On Tue, Jul 15, 2014 at 12:15 PM, Ted Mielczarek <t...@mielczarek.org> wrote:

> On 7/15/2014 2:49 PM, Dave Townsend wrote:
> > Since forever Jetpack tests in the Firefox trees have been run using our
> > custom python CFX tool which is based on a fork of an ancient version of
> > mozrunner. This causes us a number of problems. Keeping up with tree
> > visibility rules is hard. Some features from newer versions of mozrunner
> > like crash stack handling aren't available and our attempts to update to
> > the newer mozbase have been blocked on trying to get some of our forked
> > code accepted. It also makes it hard for Mozilla other developers to run
> > our tests as CFX has a very different syntax to the other test suites.
> >
> > We've started investigating switching away from CFX and instead using the
> > python automation that the mochitests use. This would work somewhat
> > similarly to browser-chrome tests, runtests.py will startup Firefox and
> > overlay some XUL and JS on the main window from where we can run the
> > existing JS parts of the Jetpack test suites.
> >
> > There are many benefits here. The runtests.py code is well used and known
> > to be resilient. It supports things like screenshots on failures and
> crash
> > stacks that Jetpack tests don't currently handle. We'll use manifest
> files
> > like the other test suites so disabling tests per platform will be easy.
> > Excellent mach integration will make running individual tests simple. It
> > also makes it possible to use commonjs style tests elsewhere in the tree.
> > Release engineering should find managing the Jetpack tests a lot easier
> as
> > they behave just like other mochitests.
> >
> > My initial experiment last week shows that this will work. The first part
> > of our tests (package tests) is running and passing on my local machine
> and
> > I expect to have the add-on tests working this week.
> >
> > I wanted to give everyone a heads up about this work to give you all a
> > chance to ask questions or raise objections. The changes to runtests and
> > the build system are minimal, just adding support for new manifest types
> > really but I will be needing reviews for those. We'll also have to make
> the
> > buildbot changes to switch over to use these new tests but I expect that
> to
> > be pretty straightforward.
> > _______________________________________________
> I am totally into the sentiment here, but I'm not sure that I'm into
> your exact plan of action. The Jetpack tests definitely have a lot of
> issues due to not using the same infrastructure as other test harnesses,
> so I'd be glad to see that get fixed.
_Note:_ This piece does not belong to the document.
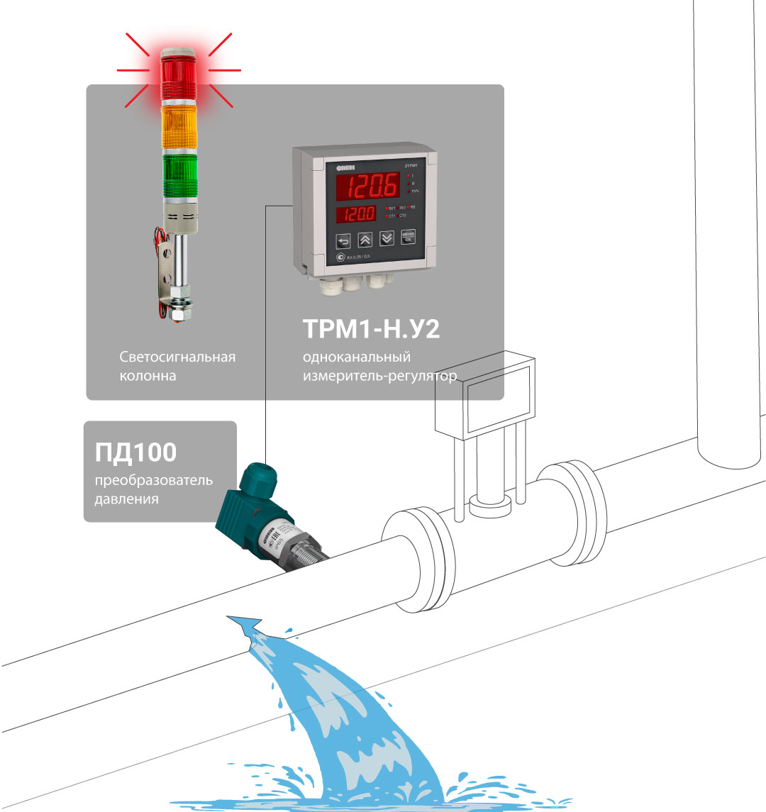 Благодаря внедрению регулятора ТРМ1 и датчика ПД100 при снижении давления ниже критического насос будет незамедлительно остановлен, и не выйдет из строя. В качестве дополнительных действий необходима врезка датчика давления в точке подключения к трубопроводу через разделитель сред, монтажные работы по установке устройства ТРМ, прокладка линии связи от прибора до датчика и наладка ТРМ. При необходимости ТРМ способен передавать информацию об измеренном значении по цифровому интерфейсу для диспетчеризации.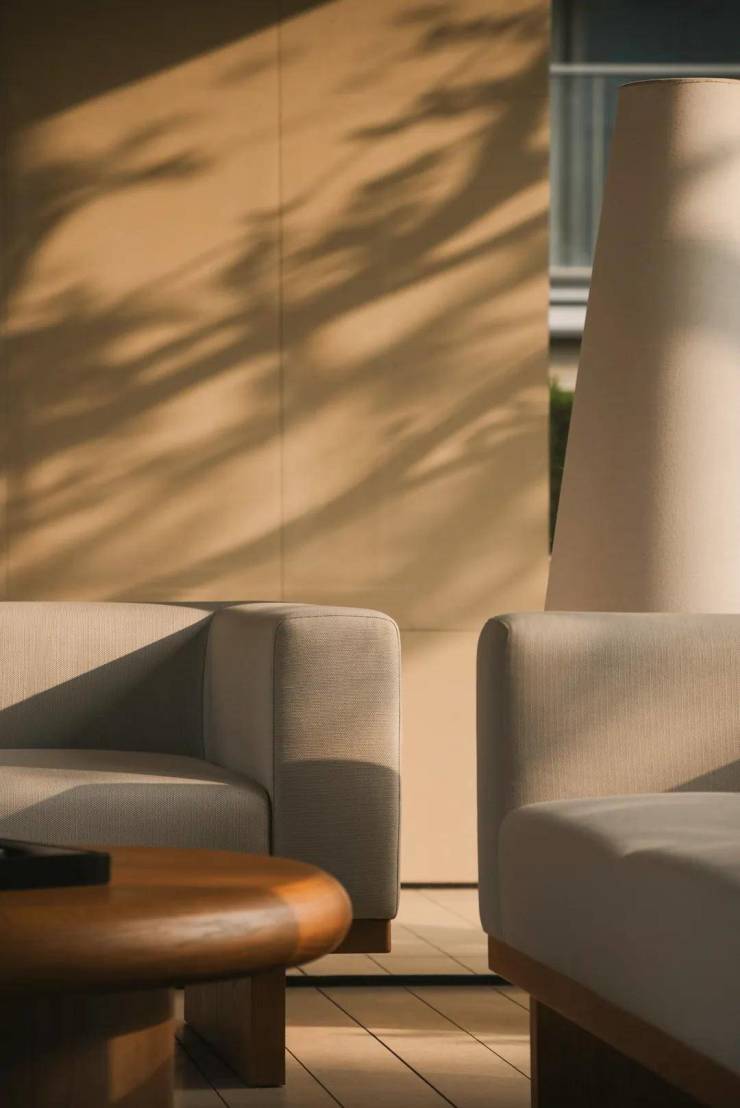 在本案的设计中,阳光能够充分渗透并覆盖后场的开放空间,使空间不仅具备静谧的内涵,更具备充沛的生命力。阳光在不同时间、不同季节的变化,赋予了空间动态的美学表现,从早晨的温暖晨曦到傍晚的柔和余晖,光影的流转不断丰富景观的层次感与深度感,带来一种时刻变化的、富有活力的空间体验。

On the other hand, the Mochitest
> harness is already unduly complicated by trying to do too many
> things--plain Mochitests, chrome Mochitests, browser-chrome tests and
> all the other variants are all shoehorned in there and it's a mess. I'd
> rather not shoehorn yet another test framework into the Mochitest
> umbrella. However! In the modern era Mochitest is mostly comprised of
> some glue code that uses mozbase modules to do all the hard work. I
> think you can cobble together a reasonable facsimile that runs the
> Jetpack tests in a cleaner fashion by using the mozbase modules directly.
>

Creating a new test harness (even one based on top of mozbase) loses us
some of the benefits of this. By re-using existing code we get improvements
to that code for free. Right now making changes to CFX is hard in part
because the people who wrote the code have moved on and almost no-one on
the team really knows python. For example when new test requirements come upand
are fixed in whatever harness we switch to


>
> Alternately, as gps pointed out in his reply, you might want to look at
> Marionette as a starting point. The Marionette test harness uses mozbase
> as well, but gives you the power of the Marionette protocol to control
> the browser. If we were writing the Mochitest harness from scratch today
> I would base it on top of Marionette.
>

I'm not set on the mochitest harness or any harness really. The mochitest
harness seemed the simplest because I know it reasonably well and
browser-chrome already does exactly what we need. Ignoring the work to
support the manifests for these tests it took maybe 30 minutes to get the
mochitest harness supporting jetpack package tests.

I'll take a look at Marionette and see what I can learn.